[DATASET EXTRACT Boundary: Start]

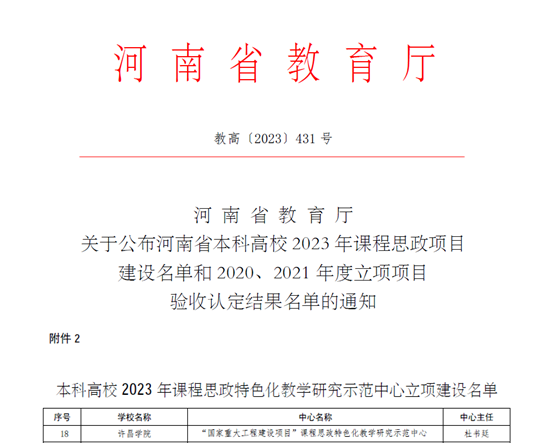 近日,河南省教育厅发布的《关于公布河南省2023年本科高校课程思政项目建设名单的通知》(教高〔2023〕431 号),我院杜书廷教授为中心主任的“国家重大工程建设项目”课程思政教学特色化教学研究示范中心获批“河南省本科高校课程思政教学研究特色化示范中心”。
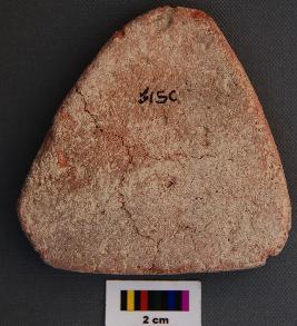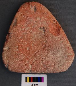 | Description / विवरण | It is a triangular terracotta cake which has section cracks are developing on one side. |
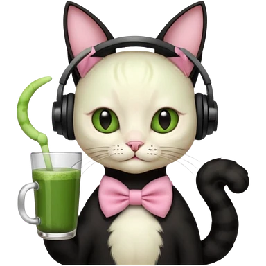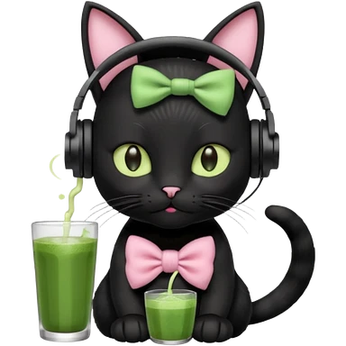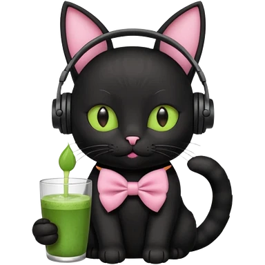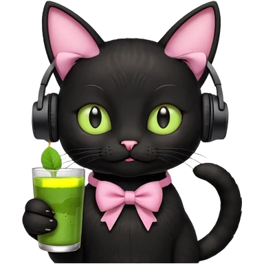 A black cat wearing cute headphones with a glass of matcha, a pink bow on his ear emoji

[DATASET EXTRACT Boundary: End]

> **PROBLEM DETAILS**:
Write out the listing above in full, word for word, with no pictures.

> **ANSWER TO THIS TASK**:
 近日,河南省教育厅发布的《关于公布河南省2023年本科高校课程思政项目建设名单的通知》(教高〔2023〕431 号),我院杜书廷教授为中心主任的“国家重大工程建设项目”课程思政教学特色化教学研究示范中心获批“河南省本科高校课程思政教学研究特色化示范中心”。
 | Description / विवरण | It is a triangular terracotta cake which has section cracks are developing on one side. |
 A black cat wearing cute headphones with a glass of matcha, a pink bow on his ear emoji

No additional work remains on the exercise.